There are recommended activities for three objectives: public health risk communication and community engagement activities; vector control and personal protection against mosquitoes; and care for those affected and advice for their caregivers.
Surveillance and response indicators to measure a country’s preparedness have been recommended by WHO.
The former include establishment of baseline rates of microcephaly and Gullain Barre syndrome; and laboratory capacity for RT-PCR (reverse transcription polymerase chain reaction) and ELISA (enzyme-linked immunosorbent assay) + PRNT (plaque-reduction neutralisation tests).
The latter includes hospitalisation rates of ZIKV-associated Gullain Barre syndrome; neuroimaging rates in ZIKV-associated microcephaly; ultrasound screening rates in ZIKV-confirmed pregnancies; risk communication strategy and/or implementation plan; routine vector surveillance; resistance to insecticide; and sites that report on the impact of vector control measures.
The WHO has rung the alarm bells. How prepared is Malaysia?

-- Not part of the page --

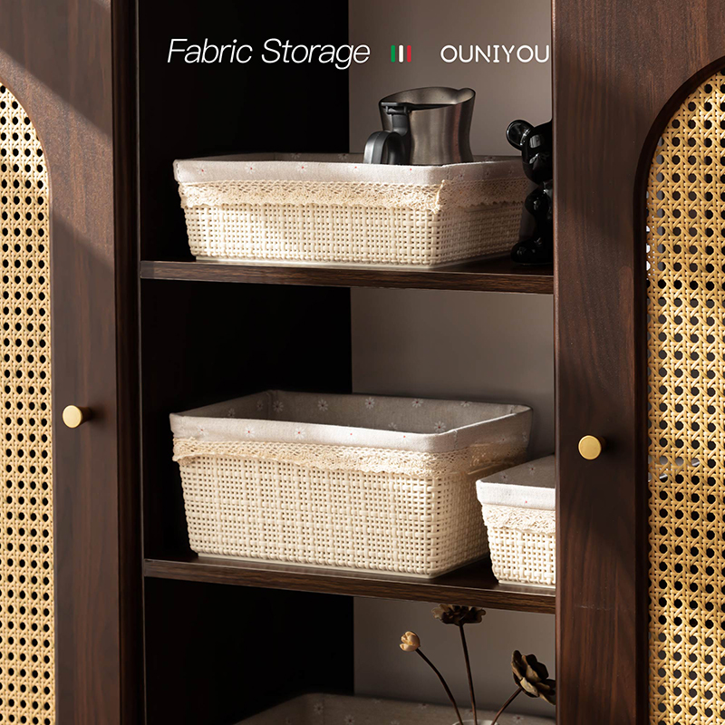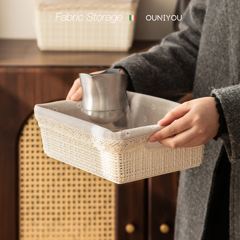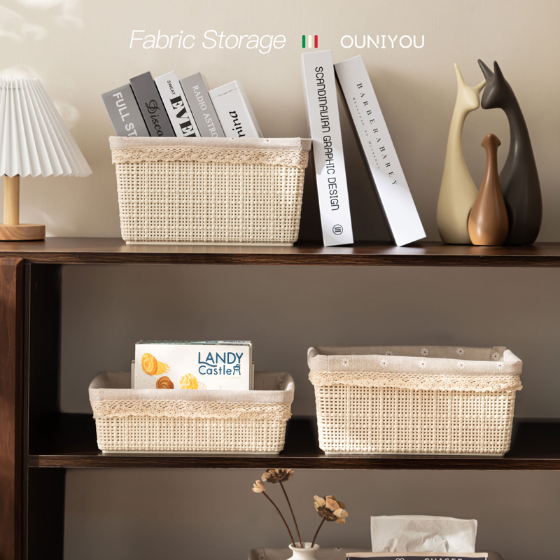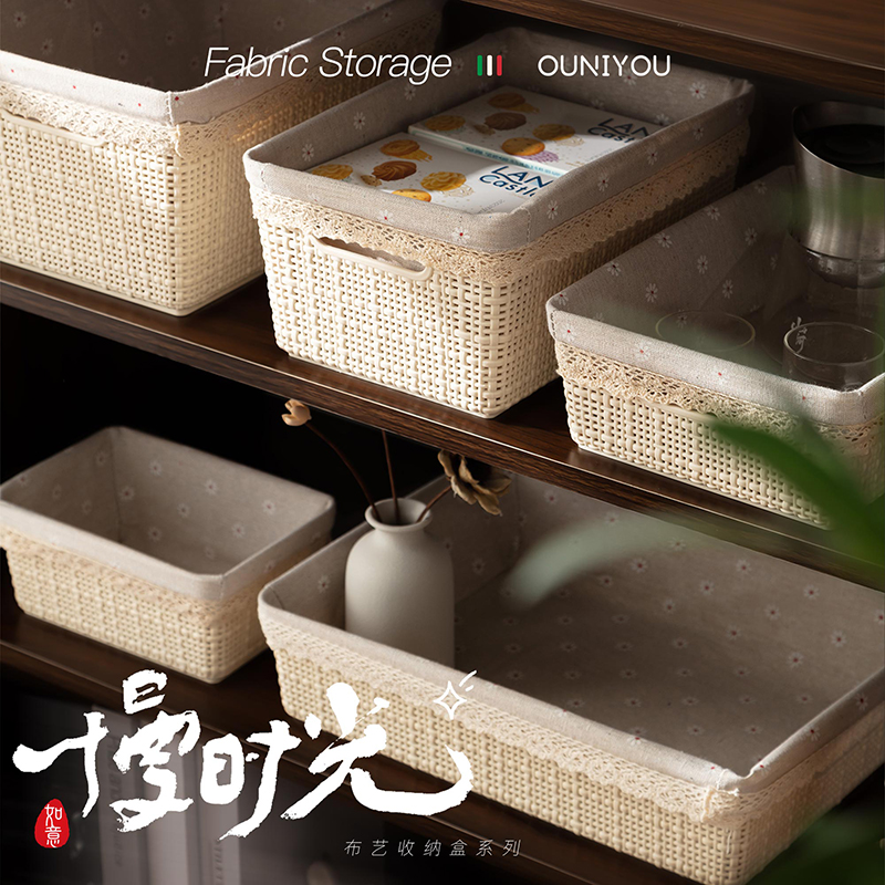 仿藤编零食桌面收纳盒杂物加厚玩具收纳筐化妆品收纳箱储物盒蓝色

Which of the surveillance and response indicators are in place? What about the indicators that are not in place?
Clinicians have many unanswered questions. Are there registers for microcephaly and Gullain Barre syndrome, and if so, what are the mechanisms for data collection and analysis?
What are the processes to deal with suspected cases? Which healthcare facilities can be utilised for diagnostic and therapeutic purposes?
A particularly relevant question is about the response to the threat from the ubiquitous Aedes mosquito, which transmits dengue, Japanese encephalitis, chikungunya, ZIKV and yellow fever, and how effective it is?
Are there local practice guidelines from the Health Ministry, and if so, how can clinicians access them? If not, which guidelines are recommended?
That there is a need for an adequate and transparent pre-emptive response from policy makers, as soon as possible, to avert a likely outbreak of ZIKV infection, with potential catastrophes for those infected, is not an understatement.
Dr Milton Lum is a past president of the Federation of Private Medical Practitioners Associations, Malaysia and the Malaysian Medical Association. The views expressed do not represent that of organisations that the writer is associated with. The information provided is for educational and communication purposes only and it should not be construed as personal medical advice. Information published in this article is not intended to replace, supplant or augment a consultation with a health professional regarding the reader’s own medical care. The Star disclaims all responsibility for any losses, damage to property or personal injury suffered directly or indirectly from reliance on such information.